[Stored data]
- - - -
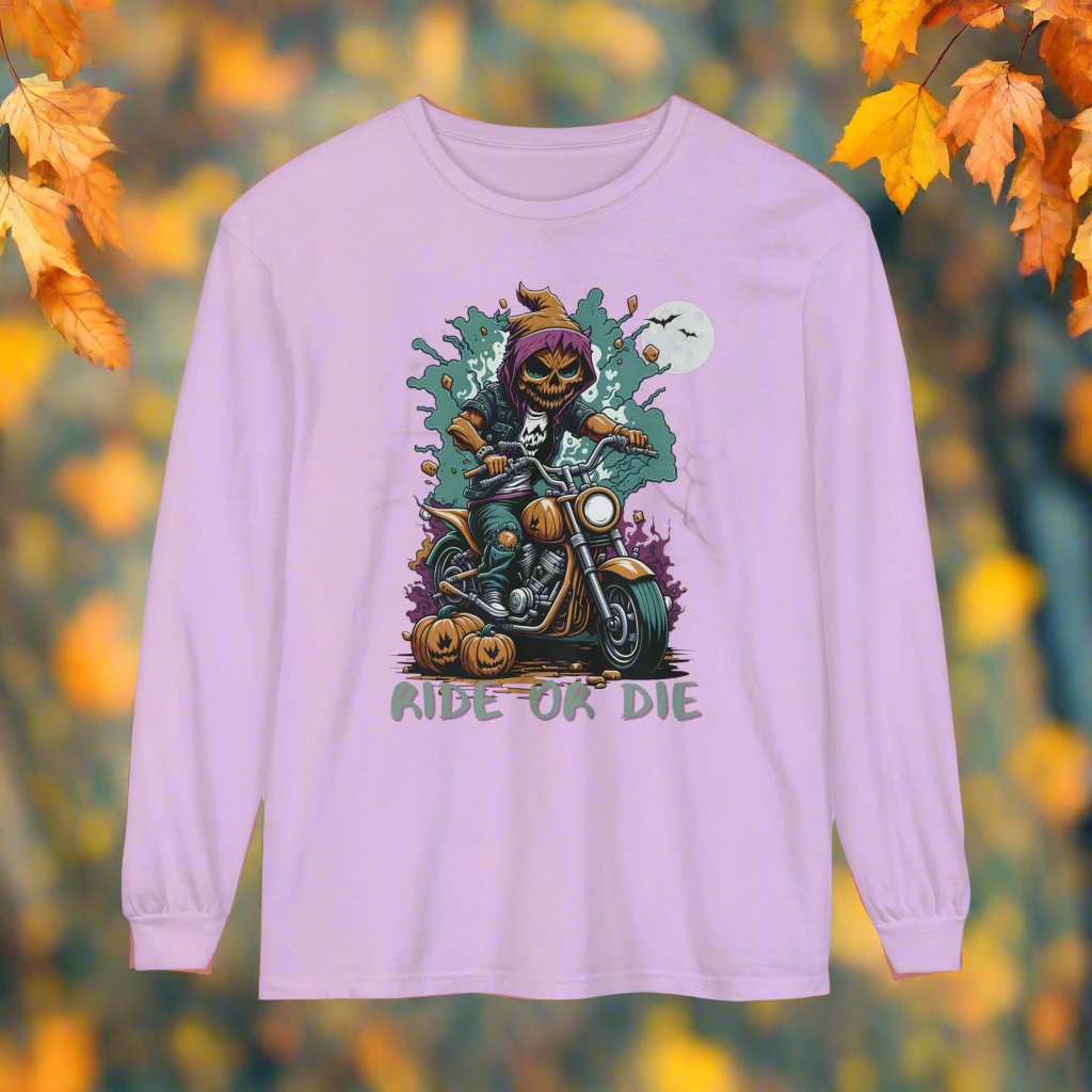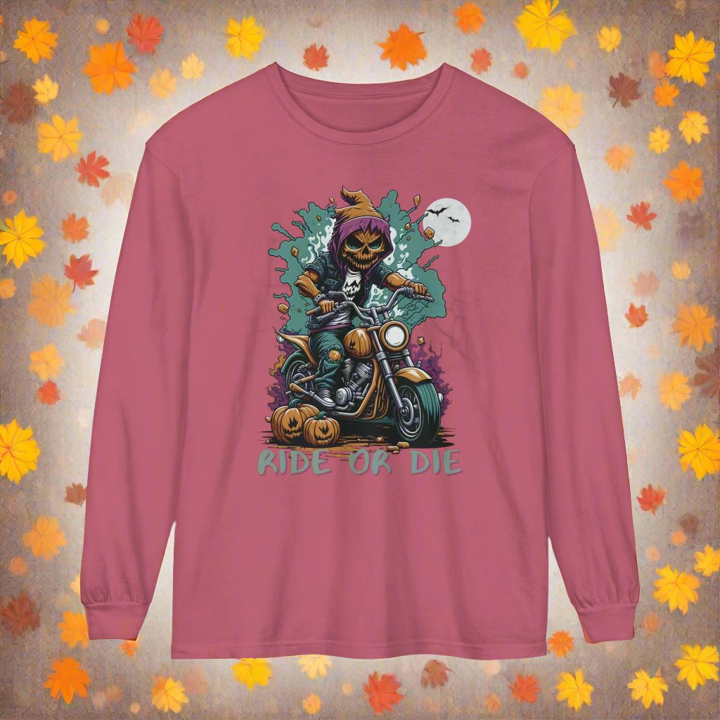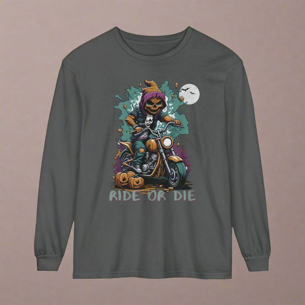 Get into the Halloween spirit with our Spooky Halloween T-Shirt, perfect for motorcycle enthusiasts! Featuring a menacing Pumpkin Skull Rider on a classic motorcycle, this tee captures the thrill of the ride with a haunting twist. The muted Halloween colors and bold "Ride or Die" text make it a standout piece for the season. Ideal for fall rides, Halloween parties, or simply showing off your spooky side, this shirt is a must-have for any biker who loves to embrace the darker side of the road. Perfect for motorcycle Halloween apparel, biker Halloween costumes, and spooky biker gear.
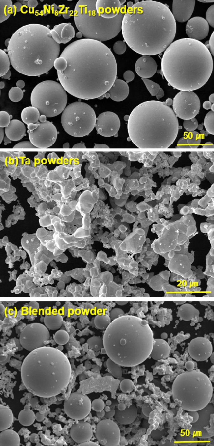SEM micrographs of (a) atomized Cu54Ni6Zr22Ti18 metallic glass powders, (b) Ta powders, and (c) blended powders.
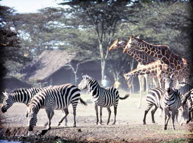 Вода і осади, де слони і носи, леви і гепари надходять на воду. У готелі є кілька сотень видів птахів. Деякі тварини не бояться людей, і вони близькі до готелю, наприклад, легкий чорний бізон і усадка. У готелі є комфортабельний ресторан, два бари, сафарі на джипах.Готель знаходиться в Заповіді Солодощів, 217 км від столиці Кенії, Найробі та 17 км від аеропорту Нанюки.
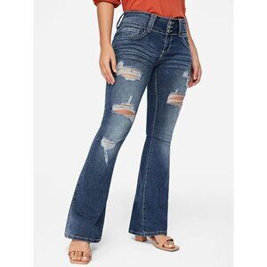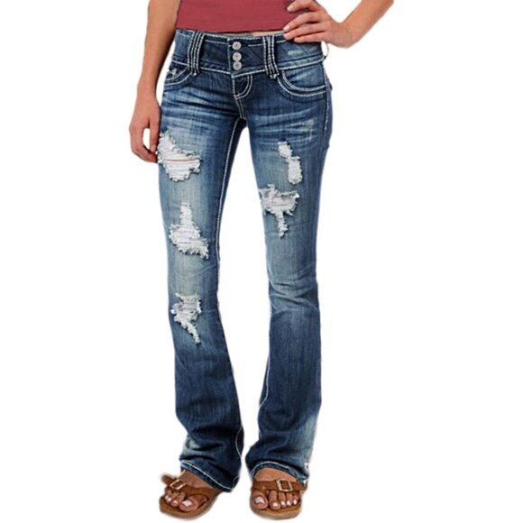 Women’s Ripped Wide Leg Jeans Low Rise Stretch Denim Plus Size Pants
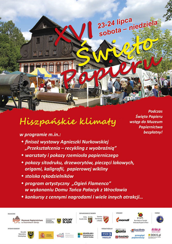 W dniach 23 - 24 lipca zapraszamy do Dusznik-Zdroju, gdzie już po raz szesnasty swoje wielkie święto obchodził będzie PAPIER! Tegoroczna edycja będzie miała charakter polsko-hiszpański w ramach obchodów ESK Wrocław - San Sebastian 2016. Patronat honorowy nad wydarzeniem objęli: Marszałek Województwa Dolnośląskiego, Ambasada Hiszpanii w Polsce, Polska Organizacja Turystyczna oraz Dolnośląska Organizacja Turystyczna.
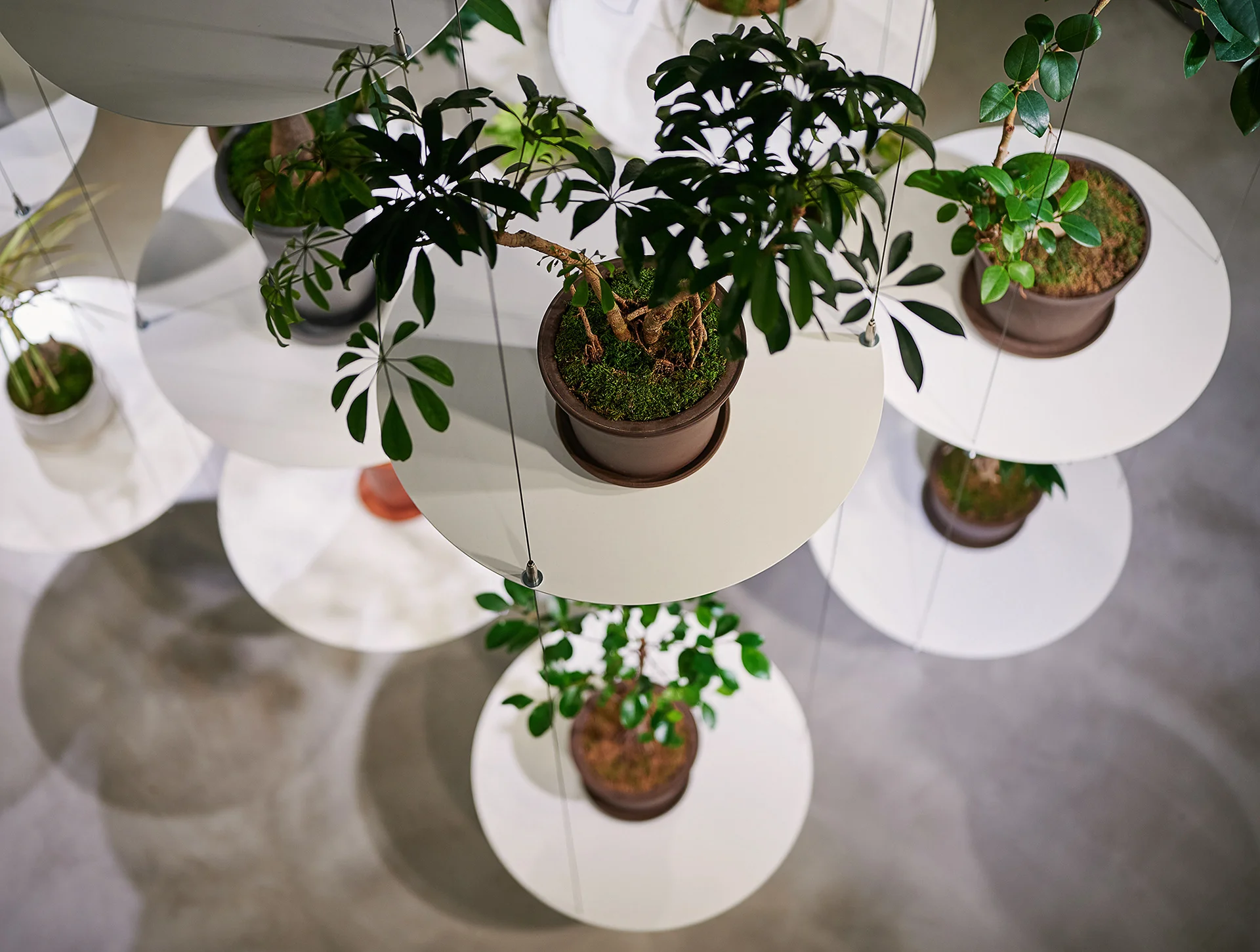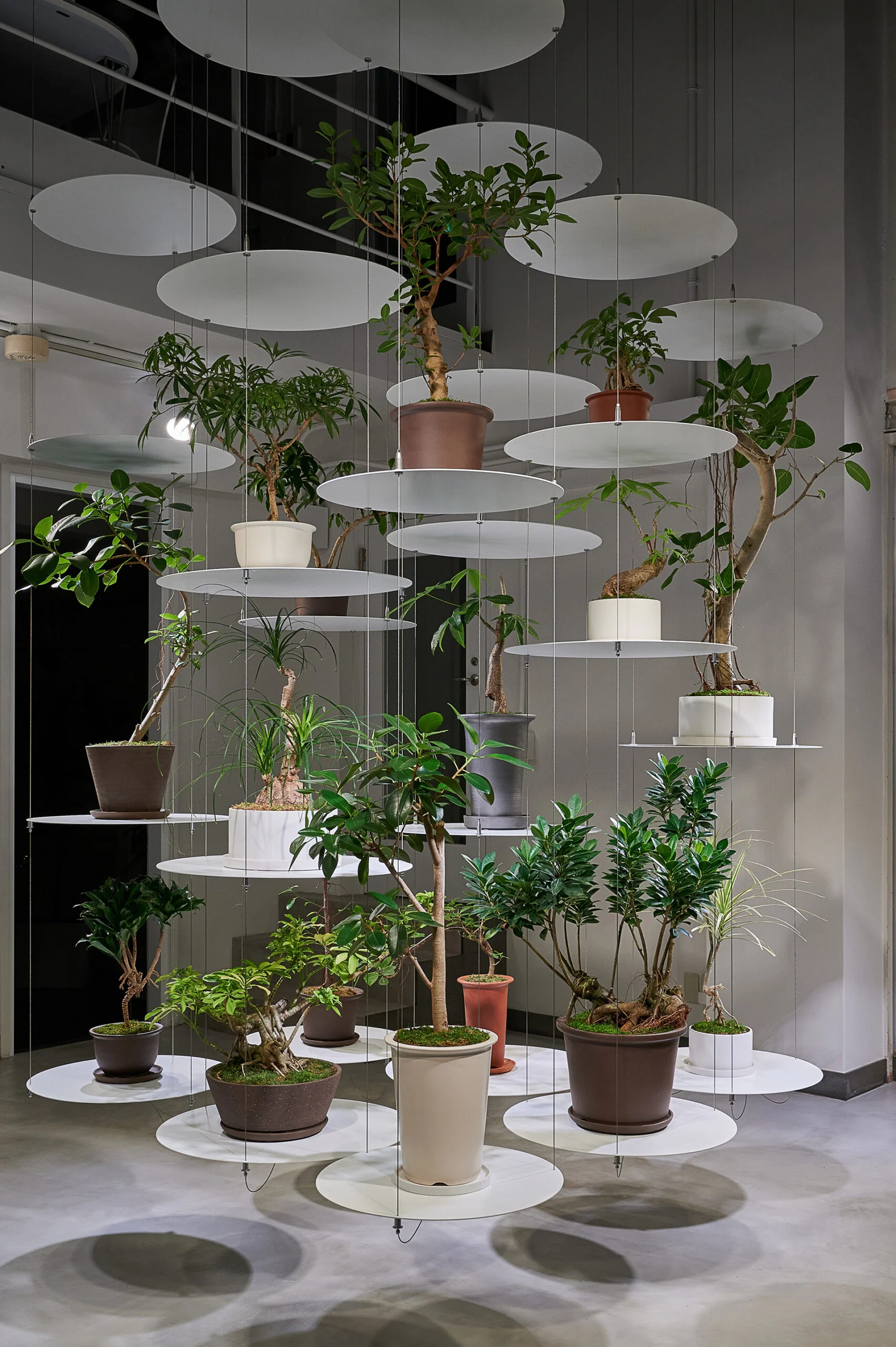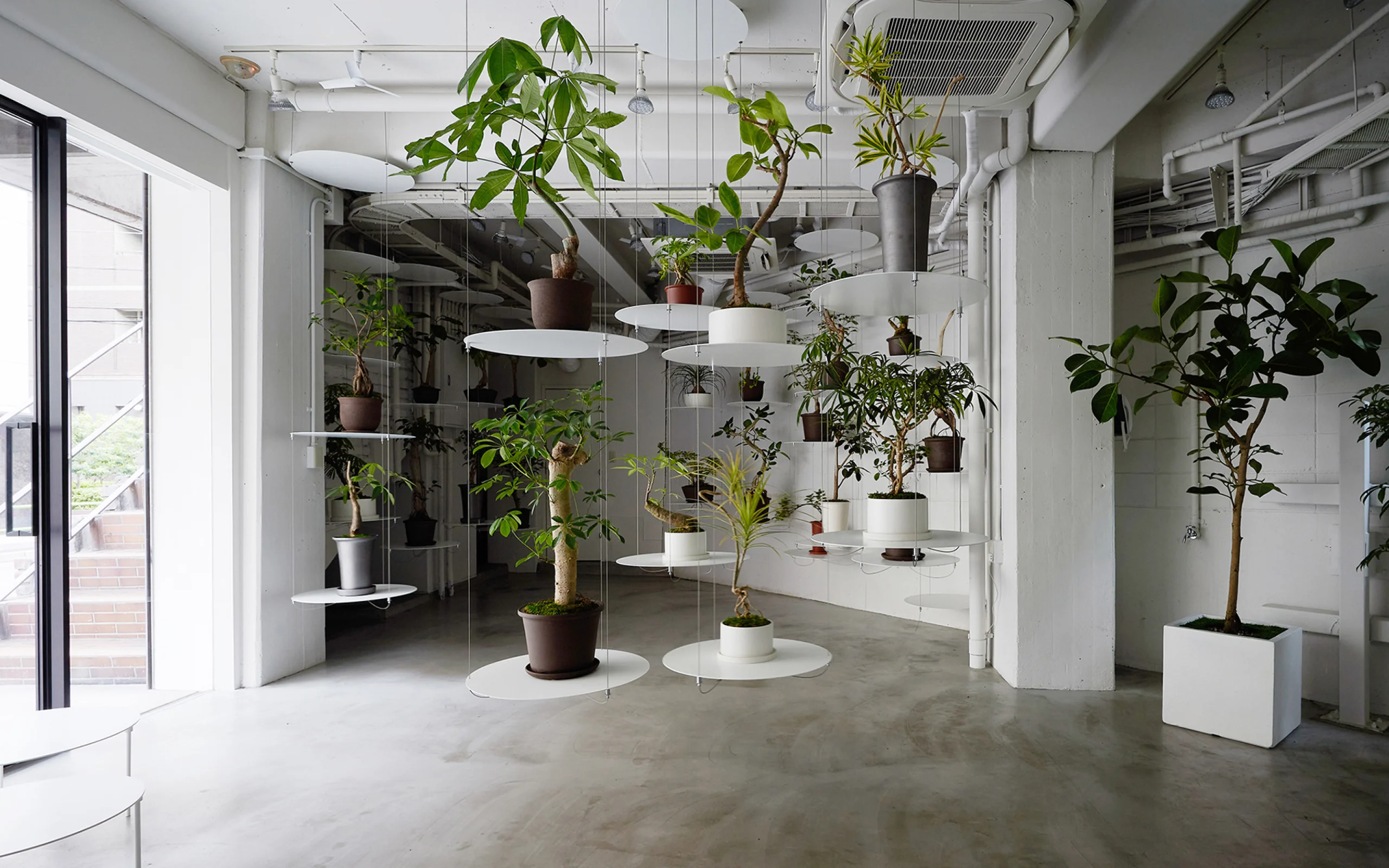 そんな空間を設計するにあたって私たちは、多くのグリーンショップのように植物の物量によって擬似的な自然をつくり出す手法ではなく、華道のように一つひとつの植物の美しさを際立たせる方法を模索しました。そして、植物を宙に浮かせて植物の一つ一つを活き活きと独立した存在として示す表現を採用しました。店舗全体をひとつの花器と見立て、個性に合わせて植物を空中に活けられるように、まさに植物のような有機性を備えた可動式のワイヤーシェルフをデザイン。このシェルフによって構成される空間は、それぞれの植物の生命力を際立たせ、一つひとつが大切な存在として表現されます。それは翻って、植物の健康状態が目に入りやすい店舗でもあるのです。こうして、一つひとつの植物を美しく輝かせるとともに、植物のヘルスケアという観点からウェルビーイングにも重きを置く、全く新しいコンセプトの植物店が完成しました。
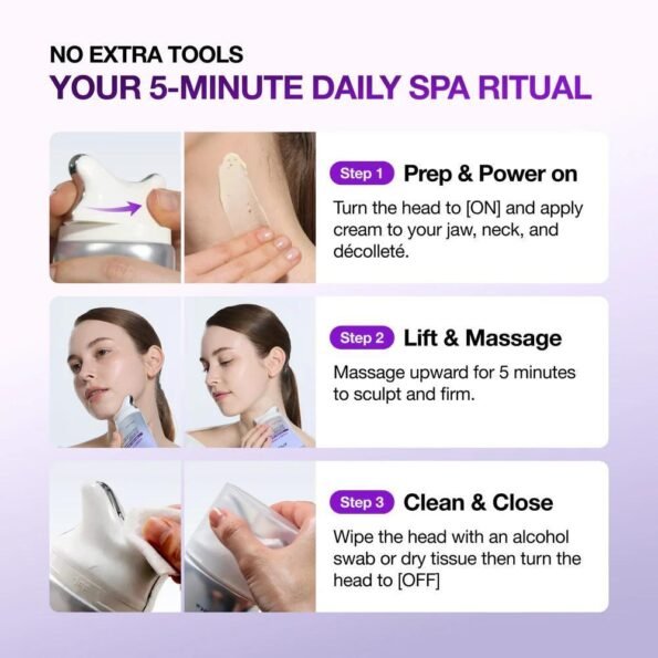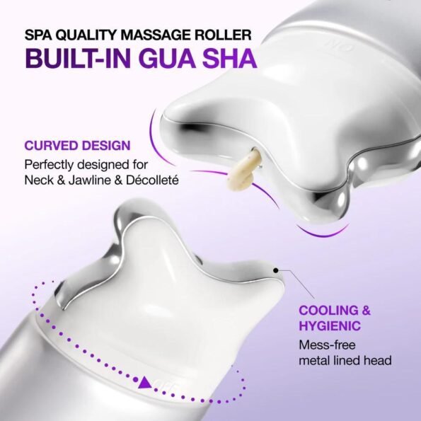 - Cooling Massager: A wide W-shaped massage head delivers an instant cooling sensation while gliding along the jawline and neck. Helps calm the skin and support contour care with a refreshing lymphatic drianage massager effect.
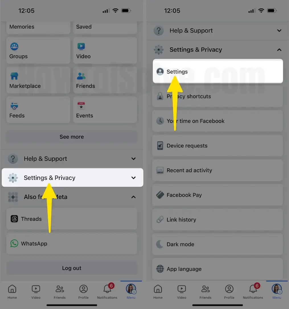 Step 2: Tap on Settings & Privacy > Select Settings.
- - - -
→ WHAT IS REQUIRED: Each entry above is to be written out again unchanged, apart from the pictures, which are left out.

→ REPLY TO THE TASK:
 Get into the Halloween spirit with our Spooky Halloween T-Shirt, perfect for motorcycle enthusiasts! Featuring a menacing Pumpkin Skull Rider on a classic motorcycle, this tee captures the thrill of the ride with a haunting twist. The muted Halloween colors and bold "Ride or Die" text make it a standout piece for the season. Ideal for fall rides, Halloween parties, or simply showing off your spooky side, this shirt is a must-have for any biker who loves to embrace the darker side of the road. Perfect for motorcycle Halloween apparel, biker Halloween costumes, and spooky biker gear.
SEM micrographs of (a) atomized Cu54Ni6Zr22Ti18 metallic glass powders, (b) Ta powders, and (c) blended powders.
 Вода і осади, де слони і носи, леви і гепари надходять на воду. У готелі є кілька сотень видів птахів. Деякі тварини не бояться людей, і вони близькі до готелю, наприклад, легкий чорний бізон і усадка. У готелі є комфортабельний ресторан, два бари, сафарі на джипах.Готель знаходиться в Заповіді Солодощів, 217 км від столиці Кенії, Найробі та 17 км від аеропорту Нанюки.
 Women’s Ripped Wide Leg Jeans Low Rise Stretch Denim Plus Size Pants
 W dniach 23 - 24 lipca zapraszamy do Dusznik-Zdroju, gdzie już po raz szesnasty swoje wielkie święto obchodził będzie PAPIER! Tegoroczna edycja będzie miała charakter polsko-hiszpański w ramach obchodów ESK Wrocław - San Sebastian 2016. Patronat honorowy nad wydarzeniem objęli: Marszałek Województwa Dolnośląskiego, Ambasada Hiszpanii w Polsce, Polska Organizacja Turystyczna oraz Dolnośląska Organizacja Turystyczna.
 そんな空間を設計するにあたって私たちは、多くのグリーンショップのように植物の物量によって擬似的な自然をつくり出す手法ではなく、華道のように一つひとつの植物の美しさを際立たせる方法を模索しました。そして、植物を宙に浮かせて植物の一つ一つを活き活きと独立した存在として示す表現を採用しました。店舗全体をひとつの花器と見立て、個性に合わせて植物を空中に活けられるように、まさに植物のような有機性を備えた可動式のワイヤーシェルフをデザイン。このシェルフによって構成される空間は、それぞれの植物の生命力を際立たせ、一つひとつが大切な存在として表現されます。それは翻って、植物の健康状態が目に入りやすい店舗でもあるのです。こうして、一つひとつの植物を美しく輝かせるとともに、植物のヘルスケアという観点からウェルビーイングにも重きを置く、全く新しいコンセプトの植物店が完成しました。
 - Cooling Massager: A wide W-shaped massage head delivers an instant cooling sensation while gliding along the jawline and neck. Helps calm the skin and support contour care with a refreshing lymphatic drianage massager effect.
 Step 2: Tap on Settings & Privacy > Select Settings.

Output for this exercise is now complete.